* **Data segment**:
····················
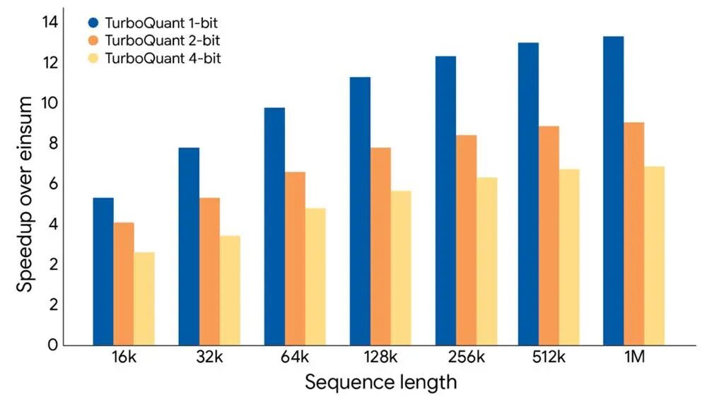 使用TurboQuant计算注意力逻辑值后,在H100 GPU加速器上,4比特TurboQuant相比32比特未量化的键值实现了高达8倍的性能提升。
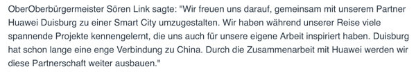 Mit dem Projekt Smart City hat Duisburg Huawei als Kooperationspartner. Huawei produziert nicht nur Geräte für den Endverbraucher: Wichtiger für Huawei ist die Technologie, die in Mobilfunkmasten benötigt wird. Bei dieser Technologie ist Huawei Weltmarktführer. Huawei hat, im Jahre 2017, mehr Patente in Europa angemeldet als jedes andere Unternehmen.
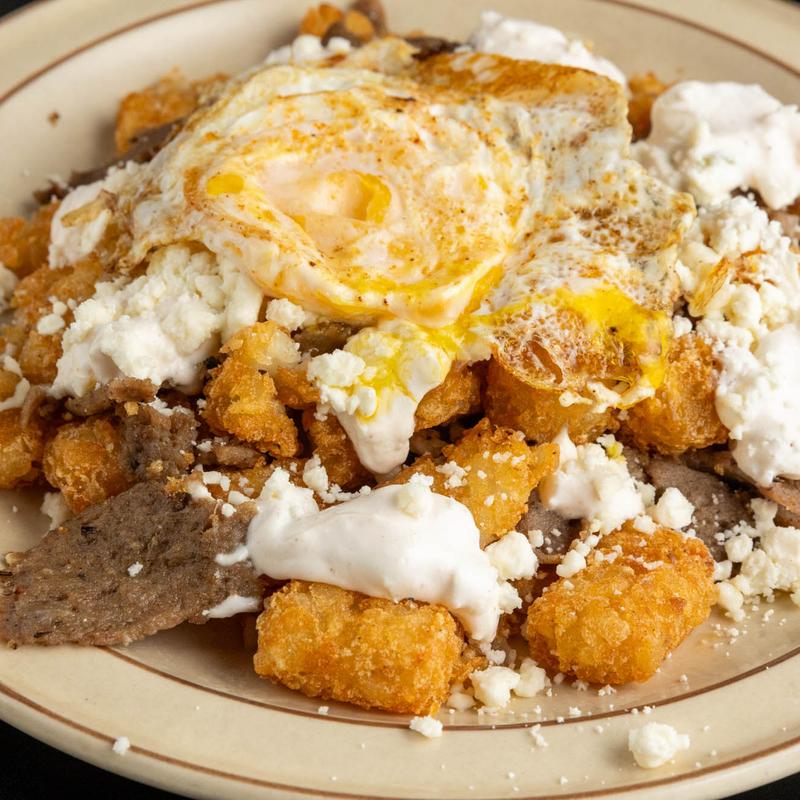 Includes one over-easy egg (unless otherwise specified) served with tzatziki and feta cheese
····················
* **Directions**: Where the line with "Mit dem Projekt" appears, begin there and transcribe exactly through the last line of the data, leaving all pictures aside.

* **Solution to this exercise**:
 Mit dem Projekt Smart City hat Duisburg Huawei als Kooperationspartner. Huawei produziert nicht nur Geräte für den Endverbraucher: Wichtiger für Huawei ist die Technologie, die in Mobilfunkmasten benötigt wird. Bei dieser Technologie ist Huawei Weltmarktführer. Huawei hat, im Jahre 2017, mehr Patente in Europa angemeldet als jedes andere Unternehmen.
 Includes one over-easy egg (unless otherwise specified) served with tzatziki and feta cheese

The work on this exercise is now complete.